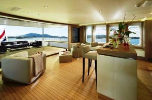 This tri deck yacht’s spacious exterior decks can be seen in the photos below. She has a huge spa pool on the centerline of the sun deck and vast deck space to thte aft of the sundeck as well as comfortable seating in the shade and a bar. She comes with lots of toys, including a 23ft Chris-Craft runabout, a 16ft Nautica inflatable, a 15 ft sailboat, two personal watercraft, two SeaBobs and much more.
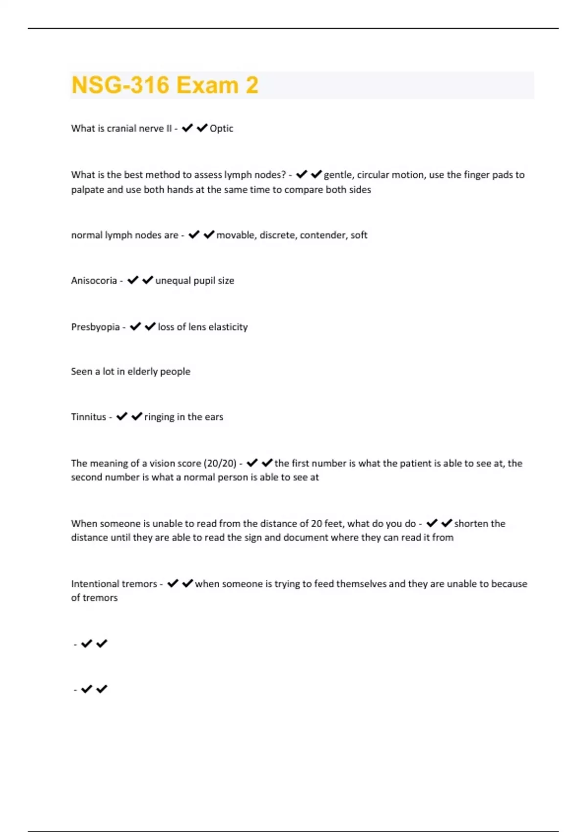 What is cranial nerve II -Optic What is the best method to assess lymph nodes? - gentle, circular motion, use the finger pads to palpate and use both hands at the same time to compare both sides normal lymph nodes are - movable, discrete, contender, soft Anisocoria - unequal pupil size Presbyopia - loss of lens elasticity Seen a lot in elderly people Tinnitus - ringing in the ears The meaning of a vision score (20/20) - the first number is what the patient is able to see at, the second number is what a normal person is able to see at When someone is unable to read from the distance of 20 feet, what do you do - shorten the distance until they are able to read the sign and document where they can read it from Intentional tremors - when someone is trying to feed themselves and they are unable to because of tremors - - s/s of (seasonal) allergy rhinitis - sneezing runny nose stuffy nose itchy nose coughing sore or scratchy throat itchy eyes water eyes how reflexes are documented - 4 = very brisk, hyperactive with clonus, indicative of disease 3 = brisker than average, may indicate disease 2 = average, normal 1 = diminished, low normal, or occurs with reinforcement 0 = no response What is the Romberg test - assesses ability of vestibular apparatus in inner ear to help maintain standing balance. person stands with feet together and arms at sides; when in stable position, ask person to close eyes and hold position for about 20 seconds tests balance What is a +/- Romberg test - + Romberg test - pt. sways and is unable to hold posture and balance CN I - Olfactory, smell, sensory test by occluding one nostril at a time, eyes closed and trying to identify smellsCN II - Optic, vision, sensory test visual acuity and visual fields by confrontation - observe pt. walking and if they can move around w/o bumping into anything CN III - Oculomotor, eye movement, motor What is CN IV - trochlear, eye movement, motor What is CN V - trigeminal Motor - mastication (palpate temporal and master muscles as person clenches teeth) Sensory - sensations in ophthalmic, maxillary and mandibular (close pt. eyes, test light touch sensation by touching cotton wisp to designated ares on persons face) What is CN VI - abducens, eye movement, motor What is CN VII - facial What is CN VIII - Acoustic (vestibulocochlear) What is CN IX - Glossopharyngeal What is CN X - vagus What is CN XI - spinal accessoryWhat is CN XII - hypoglossal
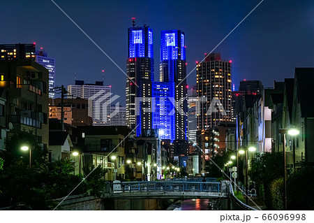 東京都庁 夜景 ブルーライトアップ 神田川、花見橋から(中野区)
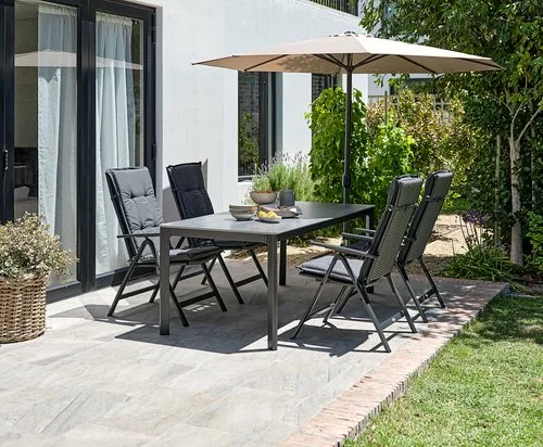 JUTLANDIA YTTRUP L150 Bord Hårdträ + 4 MADERNE Stapelstol Grå
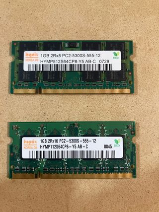 Se venden dos módulos de memoria RAM SO-DIMM Hynix. Obtenidas de despiece - Módulo 1: 1GB 2Rx8 PC2-5300S-555-12 (HYMP512S64CP8-Y5 AB-C) - Módulo 2: 1GB 2RX16 PC2-5300S-555-12 (HYMP112S64CP6-Y5 AB-C)
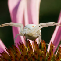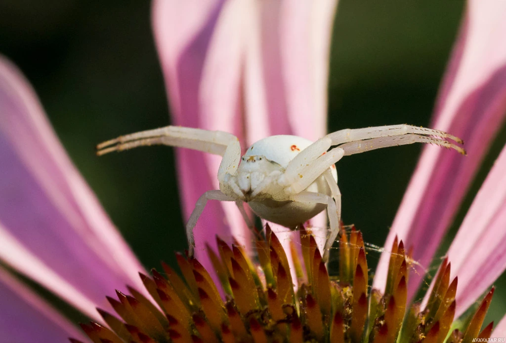 На снимке изображено небольшое животное с восемью ногами, которое широко известно как паук. Этот паук имеет белое тело с красной маркировкой и, кажется, стоит на краю цветка, возможно, одуванчика, учитывая его пушистую головку семени.
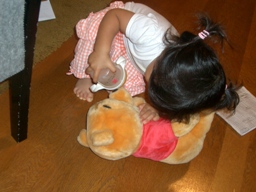 毎日さまざまな新しい才能(芸?)を発揮し私たちを楽しませてくれる陽ですが今日は、プーさんのぬいぐるみにお水をあげていました。ちょっと無理やりっぽく見えるけど本人は必死。これからもっと進化して、おままごととか楽しむんでしょうね。ママのようにお水をあげていましたから。。。******自分の靴が脱げて、”くつ、ない”と教えてくれました。くつがない、、、、意味のある単語を二つ並べることが出来ました。その他の最近のボキャブラリーはかめさんAgua(スペイン語の水)Ninos(スペイン語で子供たち)あーとー(ありがとう)かゆい**********今日の夕ご飯もワンプレートで。。。。たくさんあるレタスをコールスローサラダに。松の実をかけて。**********書道の先生に頂いたピンクのバラハルはこれを見て、アカ、 アカ (赤)っていいます。ちょっと惜しいけどOKです。
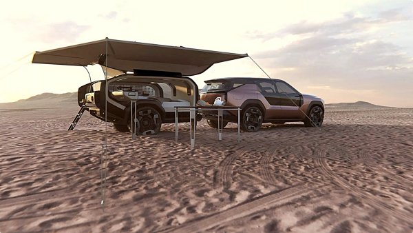 該概念車匹配的淚滴造型的尾車,該尾車具有看似堅固耐操的姿態,加上大尺寸規格的輪胎和寬裕的離地間隙。車內還有一張大號雙人床、多樣化的儲物格、一個小廚房、帶有科幻感的氣氛照明,甚至還有一個淋浴間。
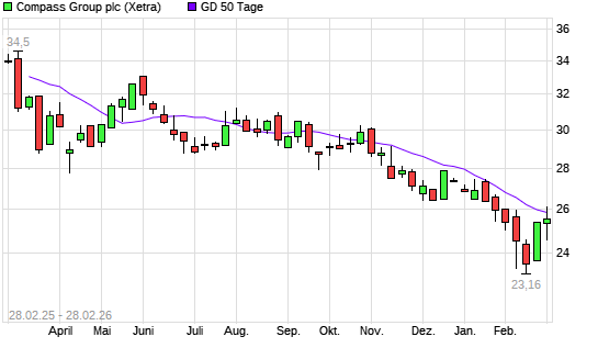 Mit dem Anstieg auf 25,89 EUR hat die Compass Group-Aktie am 27.02.2026 die 50-Tage-Linie nach oben gekreuzt.

· · · · ·

Please copy the entries in full. Leave each image out.

 This tri deck yacht’s spacious exterior decks can be seen in the photos below. She has a huge spa pool on the centerline of the sun deck and vast deck space to thte aft of the sundeck as well as comfortable seating in the shade and a bar. She comes with lots of toys, including a 23ft Chris-Craft runabout, a 16ft Nautica inflatable, a 15 ft sailboat, two personal watercraft, two SeaBobs and much more.
 What is cranial nerve II -Optic What is the best method to assess lymph nodes? - gentle, circular motion, use the finger pads to palpate and use both hands at the same time to compare both sides normal lymph nodes are - movable, discrete, contender, soft Anisocoria - unequal pupil size Presbyopia - loss of lens elasticity Seen a lot in elderly people Tinnitus - ringing in the ears The meaning of a vision score (20/20) - the first number is what the patient is able to see at, the second number is what a normal person is able to see at When someone is unable to read from the distance of 20 feet, what do you do - shorten the distance until they are able to read the sign and document where they can read it from Intentional tremors - when someone is trying to feed themselves and they are unable to because of tremors - - s/s of (seasonal) allergy rhinitis - sneezing runny nose stuffy nose itchy nose coughing sore or scratchy throat itchy eyes water eyes how reflexes are documented - 4 = very brisk, hyperactive with clonus, indicative of disease 3 = brisker than average, may indicate disease 2 = average, normal 1 = diminished, low normal, or occurs with reinforcement 0 = no response What is the Romberg test - assesses ability of vestibular apparatus in inner ear to help maintain standing balance. person stands with feet together and arms at sides; when in stable position, ask person to close eyes and hold position for about 20 seconds tests balance What is a +/- Romberg test - + Romberg test - pt. sways and is unable to hold posture and balance CN I - Olfactory, smell, sensory test by occluding one nostril at a time, eyes closed and trying to identify smellsCN II - Optic, vision, sensory test visual acuity and visual fields by confrontation - observe pt. walking and if they can move around w/o bumping into anything CN III - Oculomotor, eye movement, motor What is CN IV - trochlear, eye movement, motor What is CN V - trigeminal Motor - mastication (palpate temporal and master muscles as person clenches teeth) Sensory - sensations in ophthalmic, maxillary and mandibular (close pt. eyes, test light touch sensation by touching cotton wisp to designated ares on persons face) What is CN VI - abducens, eye movement, motor What is CN VII - facial What is CN VIII - Acoustic (vestibulocochlear) What is CN IX - Glossopharyngeal What is CN X - vagus What is CN XI - spinal accessoryWhat is CN XII - hypoglossal
 東京都庁 夜景 ブルーライトアップ 神田川、花見橋から(中野区)
 JUTLANDIA YTTRUP L150 Bord Hårdträ + 4 MADERNE Stapelstol Grå
 Se venden dos módulos de memoria RAM SO-DIMM Hynix. Obtenidas de despiece - Módulo 1: 1GB 2Rx8 PC2-5300S-555-12 (HYMP512S64CP8-Y5 AB-C) - Módulo 2: 1GB 2RX16 PC2-5300S-555-12 (HYMP112S64CP6-Y5 AB-C)
 На снимке изображено небольшое животное с восемью ногами, которое широко известно как паук. Этот паук имеет белое тело с красной маркировкой и, кажется, стоит на краю цветка, возможно, одуванчика, учитывая его пушистую головку семени.
 毎日さまざまな新しい才能(芸?)を発揮し私たちを楽しませてくれる陽ですが今日は、プーさんのぬいぐるみにお水をあげていました。ちょっと無理やりっぽく見えるけど本人は必死。これからもっと進化して、おままごととか楽しむんでしょうね。ママのようにお水をあげていましたから。。。******自分の靴が脱げて、”くつ、ない”と教えてくれました。くつがない、、、、意味のある単語を二つ並べることが出来ました。その他の最近のボキャブラリーはかめさんAgua(スペイン語の水)Ninos(スペイン語で子供たち)あーとー(ありがとう)かゆい**********今日の夕ご飯もワンプレートで。。。。たくさんあるレタスをコールスローサラダに。松の実をかけて。**********書道の先生に頂いたピンクのバラハルはこれを見て、アカ、 アカ (赤)っていいます。ちょっと惜しいけどOKです。
 該概念車匹配的淚滴造型的尾車,該尾車具有看似堅固耐操的姿態,加上大尺寸規格的輪胎和寬裕的離地間隙。車內還有一張大號雙人床、多樣化的儲物格、一個小廚房、帶有科幻感的氣氛照明,甚至還有一個淋浴間。
 Mit dem Anstieg auf 25,89 EUR hat die Compass Group-Aktie am 27.02.2026 die 50-Tage-Linie nach oben gekreuzt.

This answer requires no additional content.